MATERIAL SUPPLIED:
------------------------------------------------
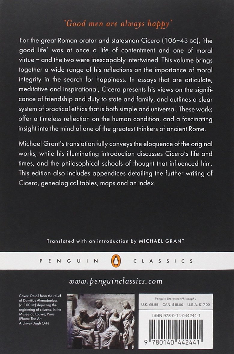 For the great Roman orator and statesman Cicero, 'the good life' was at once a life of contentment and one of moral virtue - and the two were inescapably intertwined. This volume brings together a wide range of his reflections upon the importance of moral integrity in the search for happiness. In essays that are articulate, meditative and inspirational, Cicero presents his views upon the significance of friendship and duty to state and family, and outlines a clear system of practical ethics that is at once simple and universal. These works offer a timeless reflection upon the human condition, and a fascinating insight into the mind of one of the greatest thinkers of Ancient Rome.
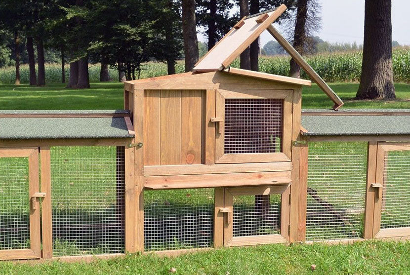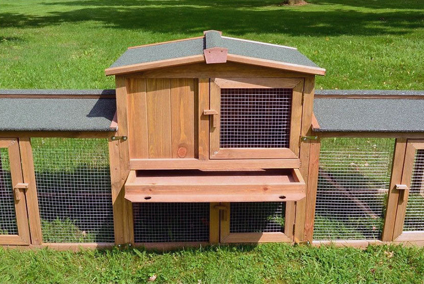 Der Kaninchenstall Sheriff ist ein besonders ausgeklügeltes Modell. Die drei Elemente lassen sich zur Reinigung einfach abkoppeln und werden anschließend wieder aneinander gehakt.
------------------------------------------------
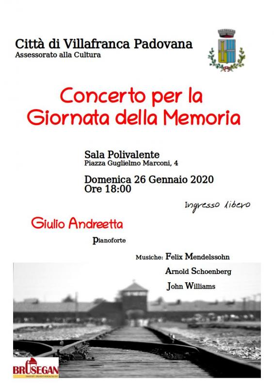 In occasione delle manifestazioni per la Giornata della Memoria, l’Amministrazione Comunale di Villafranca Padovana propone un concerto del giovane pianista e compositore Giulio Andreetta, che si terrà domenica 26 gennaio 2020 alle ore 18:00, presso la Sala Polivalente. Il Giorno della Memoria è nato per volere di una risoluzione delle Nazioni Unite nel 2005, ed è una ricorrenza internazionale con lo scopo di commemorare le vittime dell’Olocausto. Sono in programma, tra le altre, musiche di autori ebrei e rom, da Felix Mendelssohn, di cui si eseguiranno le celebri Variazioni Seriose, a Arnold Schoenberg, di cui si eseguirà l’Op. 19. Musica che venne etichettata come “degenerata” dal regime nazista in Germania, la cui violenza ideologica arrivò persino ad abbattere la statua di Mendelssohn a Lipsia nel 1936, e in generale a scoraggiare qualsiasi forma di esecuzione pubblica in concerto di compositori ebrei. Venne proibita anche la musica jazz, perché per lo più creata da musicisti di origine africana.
------------------------------------------------
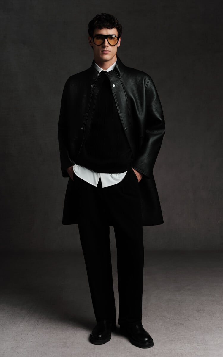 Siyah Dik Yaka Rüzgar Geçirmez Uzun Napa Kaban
------------------------------------------------
TASK STATEMENT: Using the records above, print exactly the run of lines that starts with the line with "For the great" and goes on through the line with "Der Kaninchenstall Sheriff", pictures excluded.

EXERCISE RESULT:
 For the great Roman orator and statesman Cicero, 'the good life' was at once a life of contentment and one of moral virtue - and the two were inescapably intertwined. This volume brings together a wide range of his reflections upon the importance of moral integrity in the search for happiness. In essays that are articulate, meditative and inspirational, Cicero presents his views upon the significance of friendship and duty to state and family, and outlines a clear system of practical ethics that is at once simple and universal. These works offer a timeless reflection upon the human condition, and a fascinating insight into the mind of one of the greatest thinkers of Ancient Rome.
 Der Kaninchenstall Sheriff ist ein besonders ausgeklügeltes Modell. Die drei Elemente lassen sich zur Reinigung einfach abkoppeln und werden anschließend wieder aneinander gehakt.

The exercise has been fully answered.